ACTIVITY.
Reproduce the listing that follows in full. Omit its images.

COLLECTED MATERIAL.
******

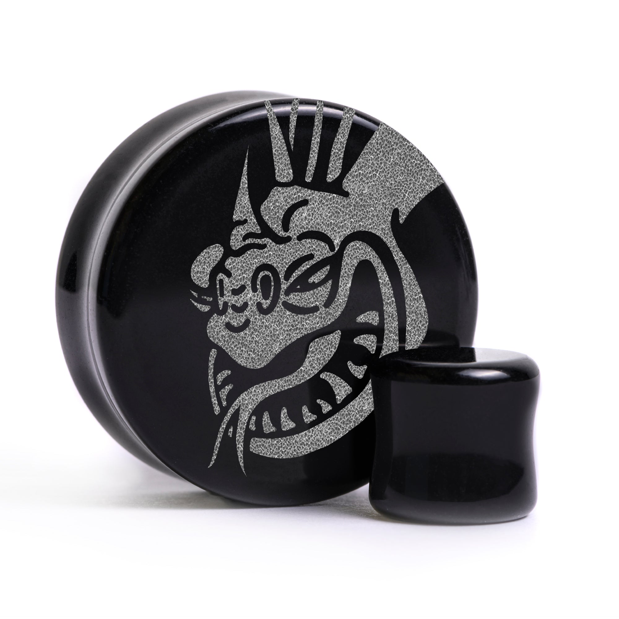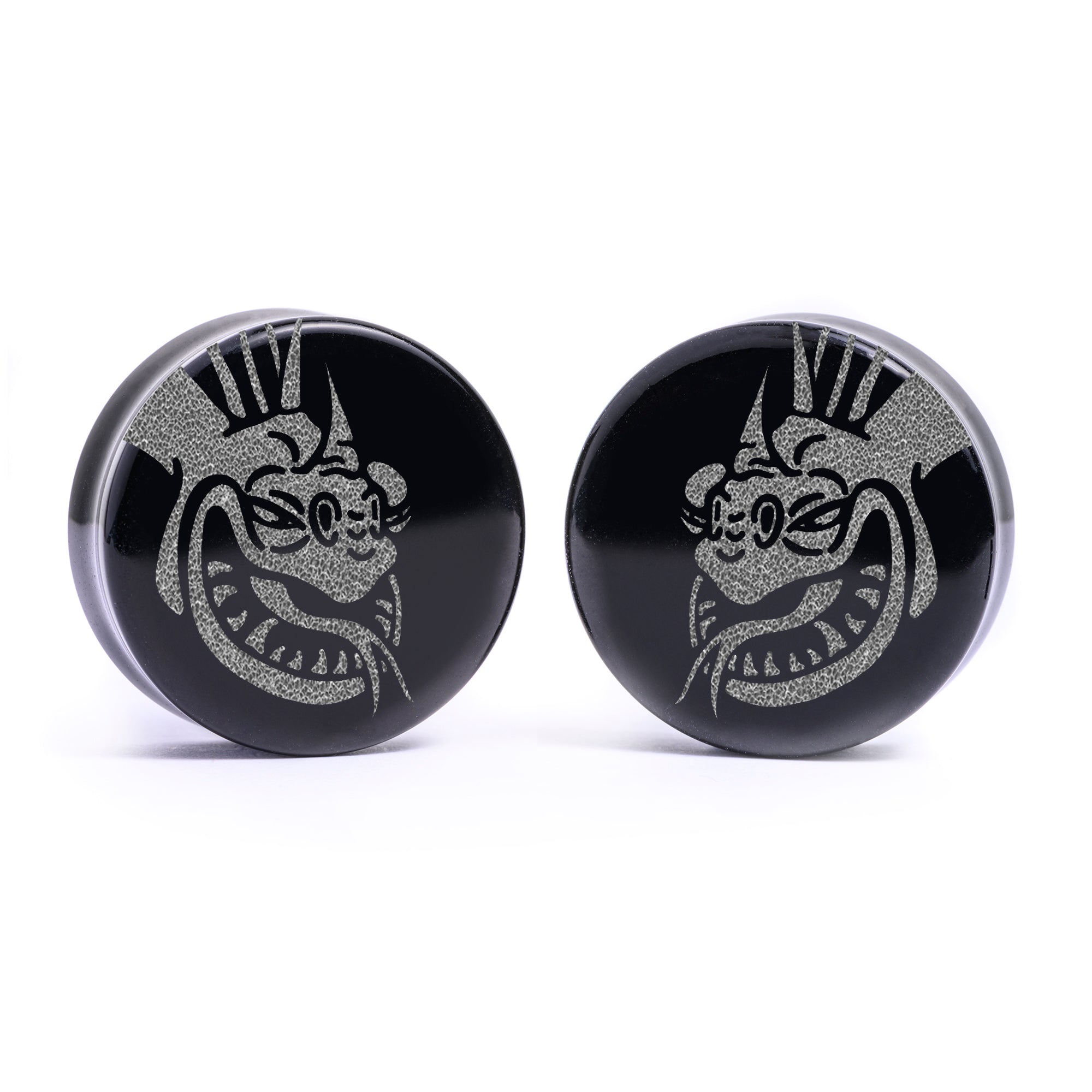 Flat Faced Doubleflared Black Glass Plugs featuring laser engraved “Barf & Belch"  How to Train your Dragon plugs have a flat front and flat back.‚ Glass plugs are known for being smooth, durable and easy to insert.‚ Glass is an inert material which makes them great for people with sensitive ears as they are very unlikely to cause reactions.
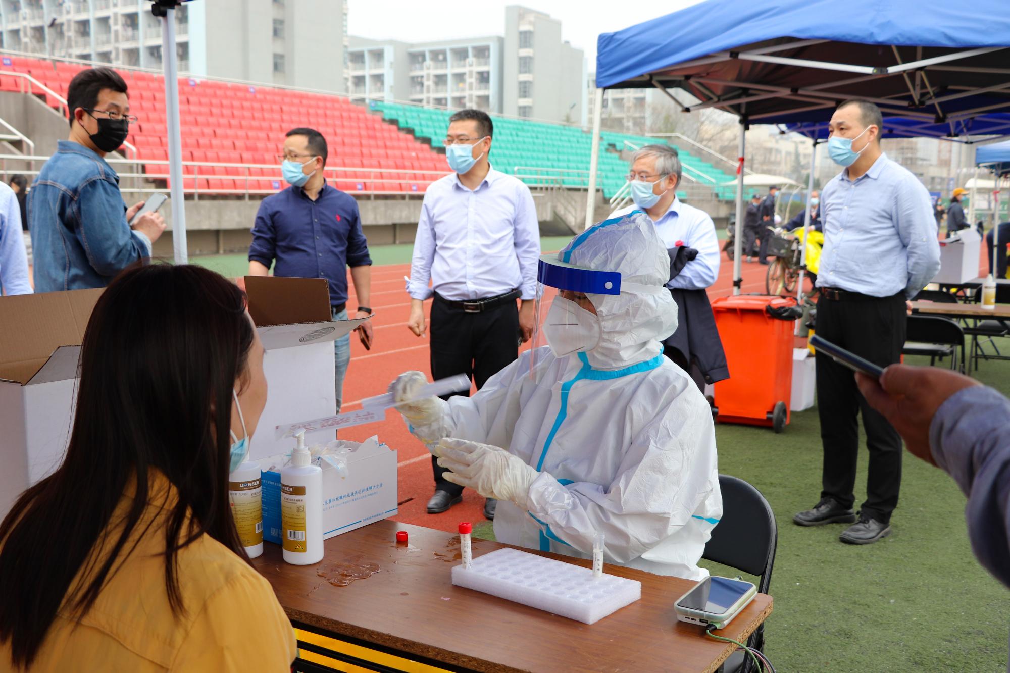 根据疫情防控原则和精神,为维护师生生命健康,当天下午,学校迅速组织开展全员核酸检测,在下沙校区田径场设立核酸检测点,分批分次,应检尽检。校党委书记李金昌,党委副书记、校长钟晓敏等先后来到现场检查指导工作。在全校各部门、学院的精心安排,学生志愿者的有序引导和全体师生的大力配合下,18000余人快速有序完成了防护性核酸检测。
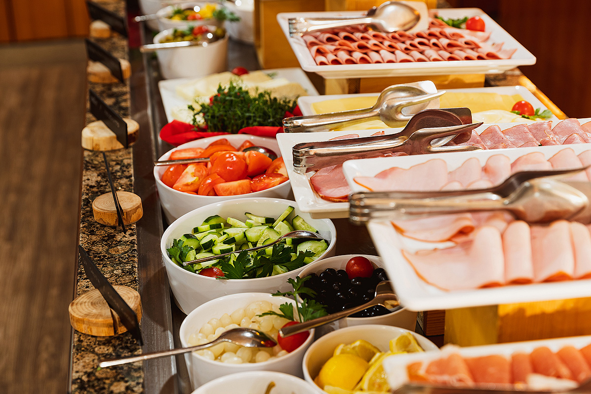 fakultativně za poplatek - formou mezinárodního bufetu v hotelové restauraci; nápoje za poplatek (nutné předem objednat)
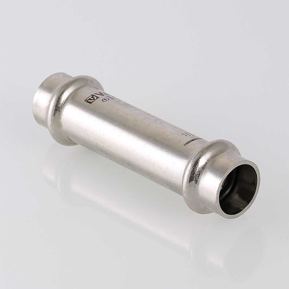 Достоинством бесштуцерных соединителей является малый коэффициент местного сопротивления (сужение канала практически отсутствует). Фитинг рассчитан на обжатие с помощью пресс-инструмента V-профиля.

******

OUTPUT BELOW.
 Flat Faced Doubleflared Black Glass Plugs featuring laser engraved “Barf & Belch"  How to Train your Dragon plugs have a flat front and flat back.‚ Glass plugs are known for being smooth, durable and easy to insert.‚ Glass is an inert material which makes them great for people with sensitive ears as they are very unlikely to cause reactions.
 根据疫情防控原则和精神,为维护师生生命健康,当天下午,学校迅速组织开展全员核酸检测,在下沙校区田径场设立核酸检测点,分批分次,应检尽检。校党委书记李金昌,党委副书记、校长钟晓敏等先后来到现场检查指导工作。在全校各部门、学院的精心安排,学生志愿者的有序引导和全体师生的大力配合下,18000余人快速有序完成了防护性核酸检测。
 fakultativně za poplatek - formou mezinárodního bufetu v hotelové restauraci; nápoje za poplatek (nutné předem objednat)
 Достоинством бесштуцерных соединителей является малый коэффициент местного сопротивления (сужение канала практически отсутствует). Фитинг рассчитан на обжатие с помощью пресс-инструмента V-профиля.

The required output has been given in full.